Saturday, July 9, 2011

a season in the valley

This week has been kind of heavy, in that way that dark emotions can bring you to your knees. It seems that this season of our lives is destined to be one where we are walking in the valleys, not on the mountaintops. Two things have come together to create this heaviness, and while different, they are strangely the same.

It may take a while to explain.

I think I have said before that I was honored to be on a field trip to the Kennedy Space Center the day of the Challenger launch that forever changed space exploration. It was a confusing and odd day, in that I was in the fourth grade and not well acquainted with the concept of horrific accidents or God's Will or death, at all. My mom says I didn't understand until they starting televising images from the funerals of the astronauts, who were fathers and mothers and had left behind little children.

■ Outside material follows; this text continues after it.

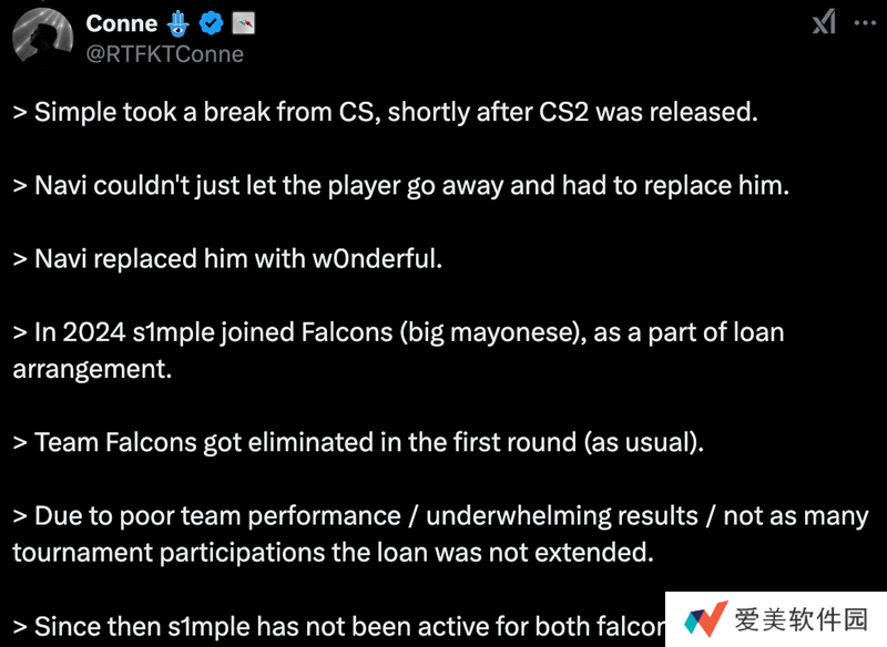 > 从那之后,s1mple就没有在Falcons和NAVI战队阵容中活跃了。”

The children. That's what made me get it, made me grasp it, internalize it and let out the grief.

And they meet me here again.


This week my husband's uncle passed away from Leukemia, the very same thing that took my father. The family spent time in the hospital with Uncle Roy (who was 49) sitting with him, chatting, sharing these last moments. Roy's 11 year old son, would alternately smile and then climb up on the bed with his father. Roy passed early Thursday morning.

Again, I am touched by this fatherless child.

Friday morning dawned a new day, one of history making importance...the last shuttle launch. Not that NASA won't send anything else into space, or that we will stop exploring, or that we've given up on learning what's out there, but that they've decided to retire the shuttle. To most people this wouldn't be anything big, but I've been surprised by how sad this makes me. They showed the launch on TV, and I'm teared up. I checked out some articles on CNN and I'm getting nostalgic for that day. Sheesh, there was even a shuttle launch seen in Transformers 3 and I was getting misty eyed.

I don't know why it has affected me so, but if future space launches aren't as beautiful, as awe inspiring or as majestic as the space shuttle over the Atlantic, future generations will have missed out on something special. And for us who have been witness to a live launch, it is a memory to behold. I wish I had seen a different launch, one where we could have watched it in the sky until it was only a tiny speck on the horizon and then taken out tour of the Space Center. But I, and my other classmates, have been witness to a larger piece of history.

In this weird week, where the last piece of our history with Roy was met by the last piece of history with the space shuttle, where two tragedies leave behind children, I am left with what can only be described as a melancholy mood. Time will heal it, for sure, but for Roy's son and all other fatherless children, the wound is deeper.

It has been that kind of season.

4 comments:

Frizzy said...

All I can say is I love you and how well you wrote about such life altering moments you have experienced first hand.

My great aunt is very ill with cancer right now and it's not looking good. We were planning a trip to MT next week to celebrate my grandparent's 60th wedding anniversary. Instead, we may be having a funeral and grieving a big loss in our family. I'm praying for many miracles these days it seems. Just as I know you have been. Hugs!

Made For Another World said...

I'm hoping your time in the valley will be short. You are strong in your faith and that will carry you through. Keep trucking ;)

JellyBelly said...

The space shuttle exploded on my eleventh birthday and I refused to believe it because it was my birthday! How naive I was! The other shuttle explosion was the same night I celebrated my 28th birthday -- needless to say, I was always nervous when there was a shuttle launch close to my birthday.

I am so sorry that you have been having such a difficult time. I'm praying for you and for the repose of your uncle's soul.

"His Perfect Timing" said...

So sorry about the passing of your uncle Roy. I'll keep him in my prayers.
I cannot imagine being there for the shuttle launch. How horrifying.